PROVIDED MATERIAL>
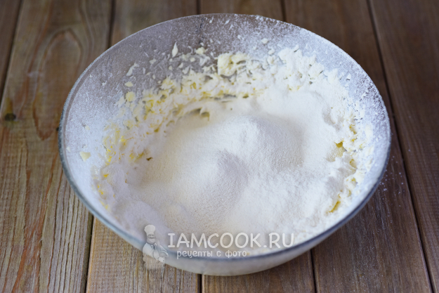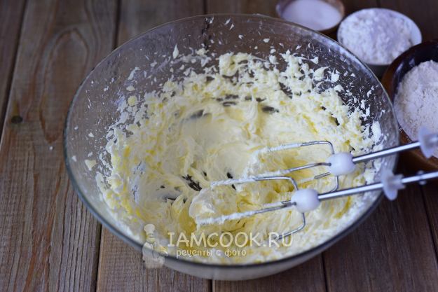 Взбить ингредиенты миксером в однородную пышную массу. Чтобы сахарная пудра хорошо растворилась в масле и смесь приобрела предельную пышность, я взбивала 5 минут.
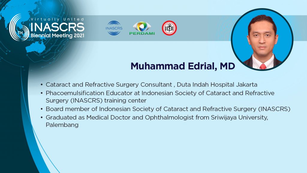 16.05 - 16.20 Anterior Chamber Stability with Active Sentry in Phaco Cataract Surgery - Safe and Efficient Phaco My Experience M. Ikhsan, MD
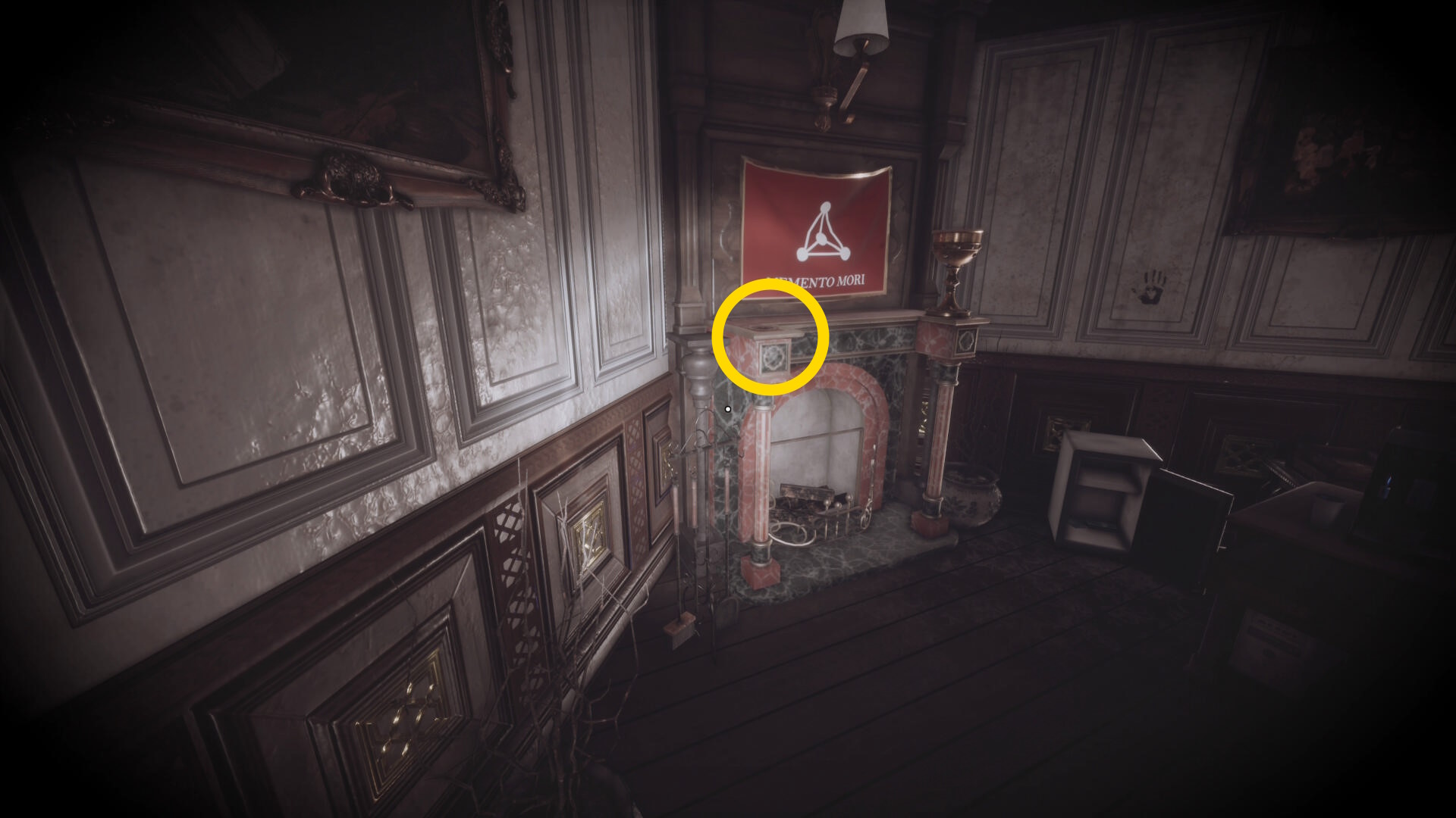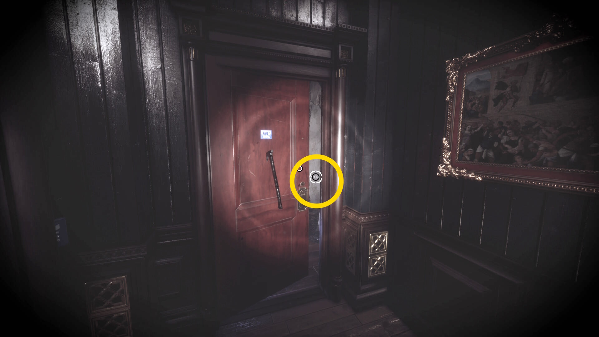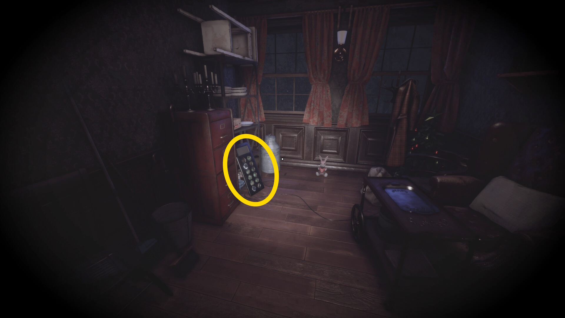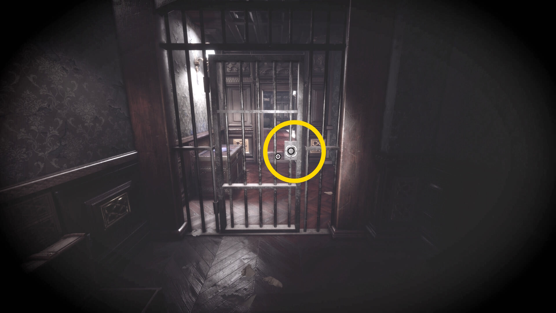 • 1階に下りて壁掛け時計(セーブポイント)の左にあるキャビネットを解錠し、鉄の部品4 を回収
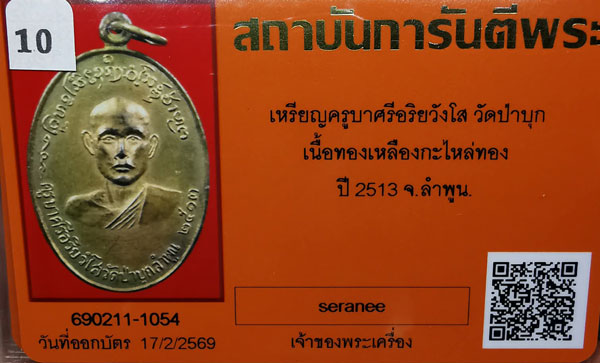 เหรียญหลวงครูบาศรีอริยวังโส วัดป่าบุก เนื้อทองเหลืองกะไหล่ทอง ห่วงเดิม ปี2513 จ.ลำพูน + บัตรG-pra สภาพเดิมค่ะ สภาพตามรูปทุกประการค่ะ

INSTRUCTIONS TO FOLLOW> Retype each line above precisely, please. Skip anything that is a picture.

EXERCISE RESULT>
 Взбить ингредиенты миксером в однородную пышную массу. Чтобы сахарная пудра хорошо растворилась в масле и смесь приобрела предельную пышность, я взбивала 5 минут.
 16.05 - 16.20 Anterior Chamber Stability with Active Sentry in Phaco Cataract Surgery - Safe and Efficient Phaco My Experience M. Ikhsan, MD
 • 1階に下りて壁掛け時計(セーブポイント)の左にあるキャビネットを解錠し、鉄の部品4 を回収
 เหรียญหลวงครูบาศรีอริยวังโส วัดป่าบุก เนื้อทองเหลืองกะไหล่ทอง ห่วงเดิม ปี2513 จ.ลำพูน + บัตรG-pra สภาพเดิมค่ะ สภาพตามรูปทุกประการค่ะ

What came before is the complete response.